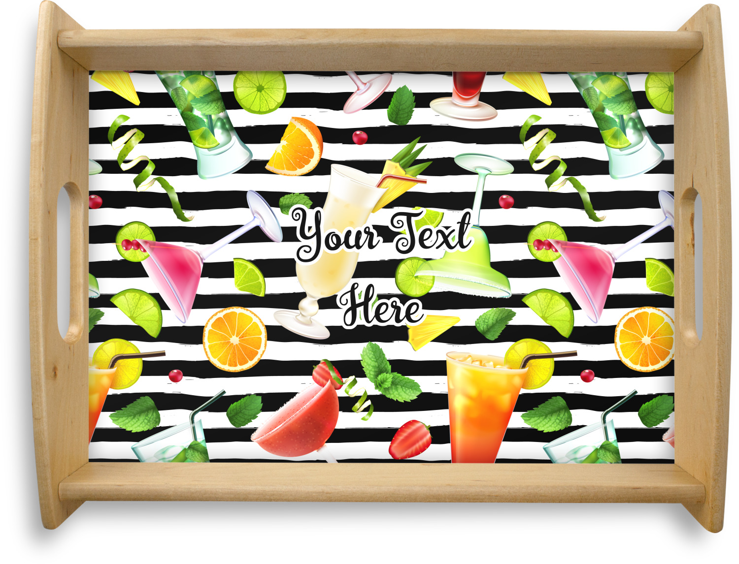 This serving tray with handles features square edges and two rounded sides, creating a very modern look. Each side is fabricated from a beautifully cut, natural wood. The bottom of the interior of the tray displays your customized design in bright, vibrant color. The tray is sold in both a black color and a natural wood look. Each variation of the wood serving tray has two sizes: Small, which is 14" x 10" x 2.25", and Large, which is 19.5" x 13.5" x 2.75".
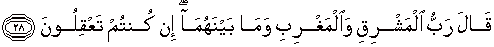 28. Musa berkata: "Tuhan yang menguasai timur dan barat dan apa yang ada di antara keduanya: (Itulah Tuhanmu) jika kamu mempergunakan akal."
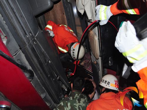 于是指揮員命令,戰斗小組利用液壓剪切鉗和液壓頂桿擴充救援空間,讓救援官兵有操作空間。首先利用液壓剪切鉗剪斷駕駛室操作臺,然后利用液壓頂桿頂住座椅和操作臺,使被困人員有活動空間,隨后指揮員發現被困人員可以從現有空間中救援出來,于是命令戰斗員扶住被困人員的大臂一點一點的挪出事故車輛,至此,成功將被困人員救出。
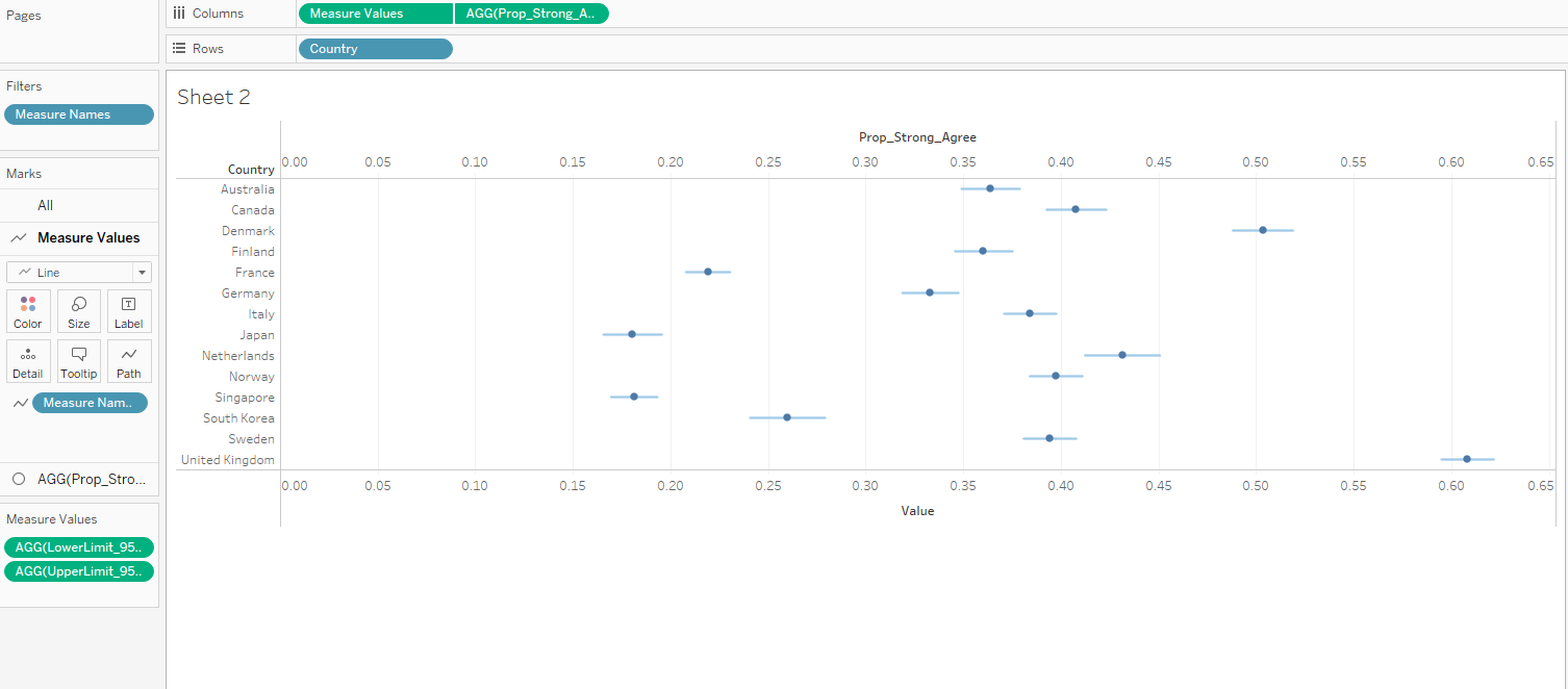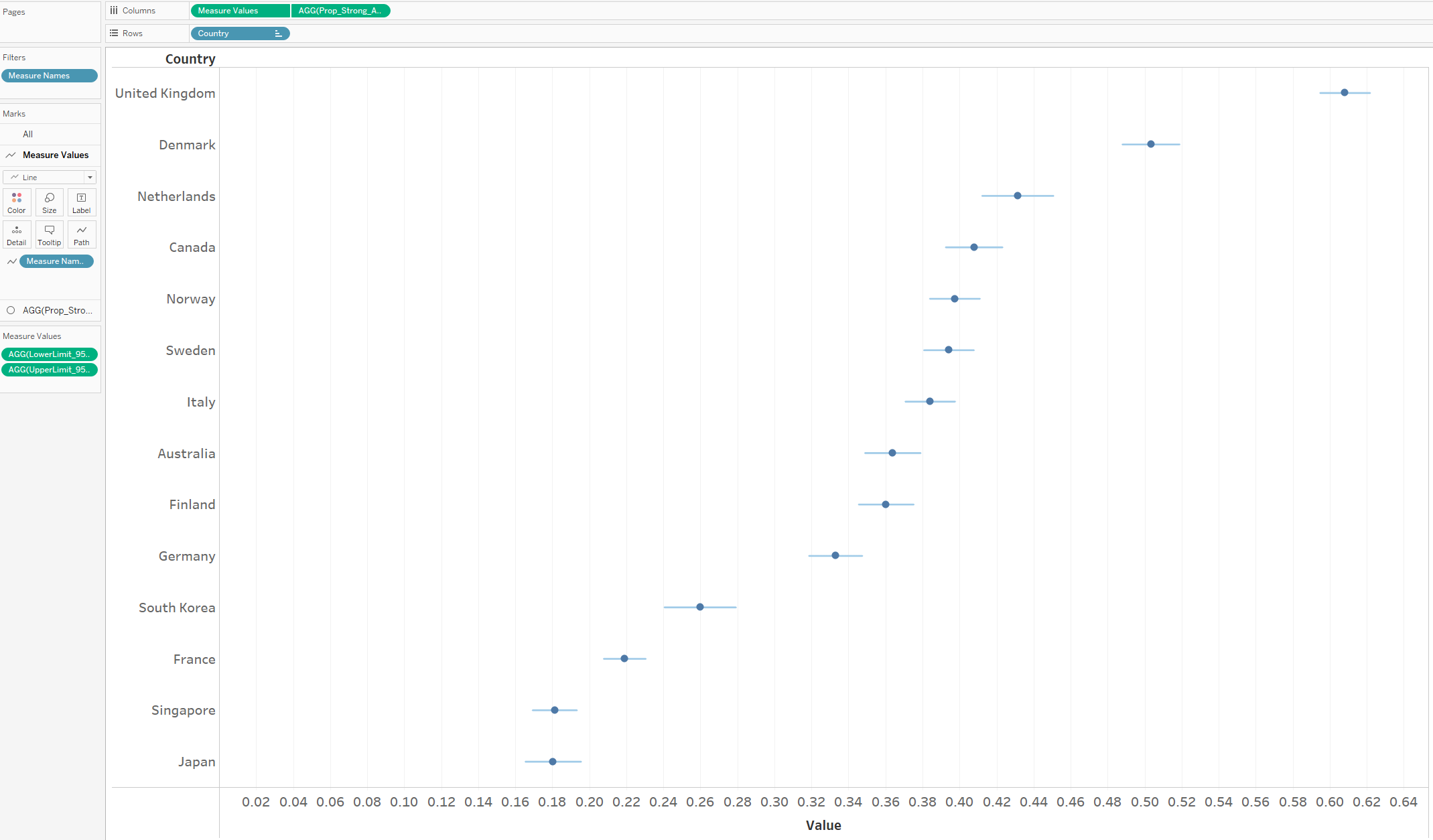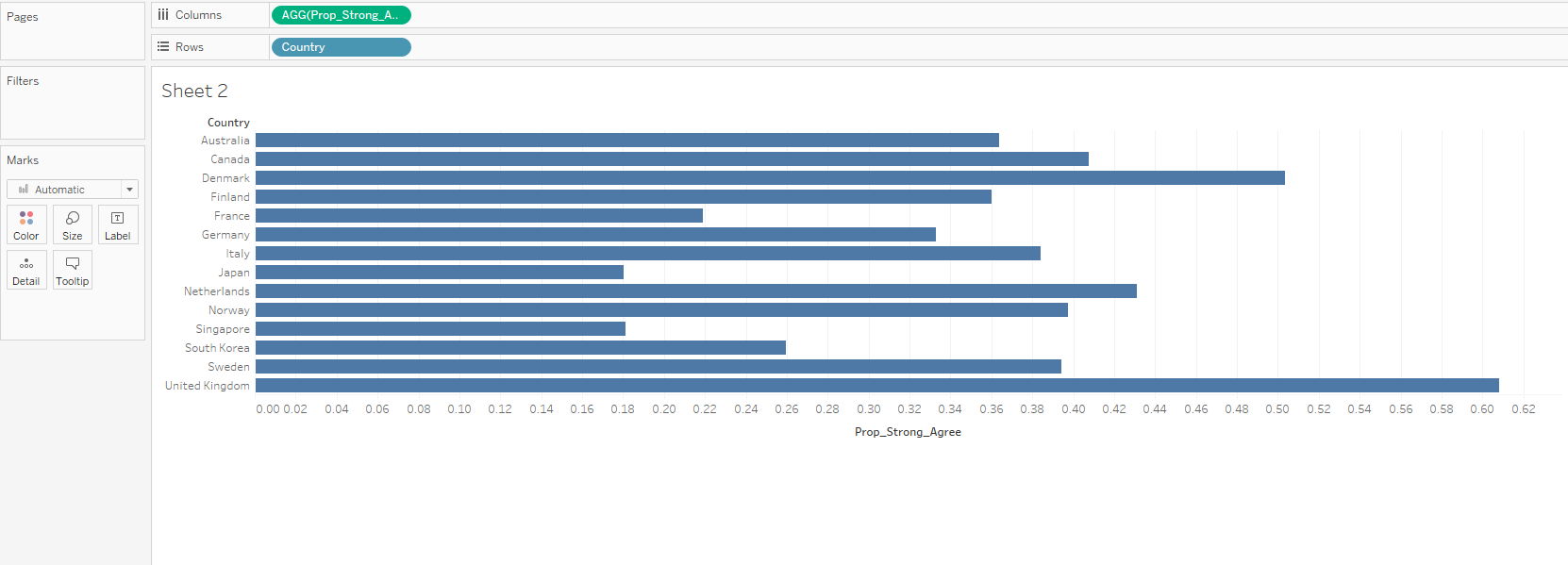 Drag “Prop_Strong_Agree” field to Columns and “Country” to Rows:

**Activity:** From the first line to the last, repeat the data above exactly and leave the pictures out.

**Result below:**
 This serving tray with handles features square edges and two rounded sides, creating a very modern look. Each side is fabricated from a beautifully cut, natural wood. The bottom of the interior of the tray displays your customized design in bright, vibrant color. The tray is sold in both a black color and a natural wood look. Each variation of the wood serving tray has two sizes: Small, which is 14" x 10" x 2.25", and Large, which is 19.5" x 13.5" x 2.75".
 28. Musa berkata: "Tuhan yang menguasai timur dan barat dan apa yang ada di antara keduanya: (Itulah Tuhanmu) jika kamu mempergunakan akal."
 于是指揮員命令,戰斗小組利用液壓剪切鉗和液壓頂桿擴充救援空間,讓救援官兵有操作空間。首先利用液壓剪切鉗剪斷駕駛室操作臺,然后利用液壓頂桿頂住座椅和操作臺,使被困人員有活動空間,隨后指揮員發現被困人員可以從現有空間中救援出來,于是命令戰斗員扶住被困人員的大臂一點一點的挪出事故車輛,至此,成功將被困人員救出。
 Drag “Prop_Strong_Agree” field to Columns and “Country” to Rows:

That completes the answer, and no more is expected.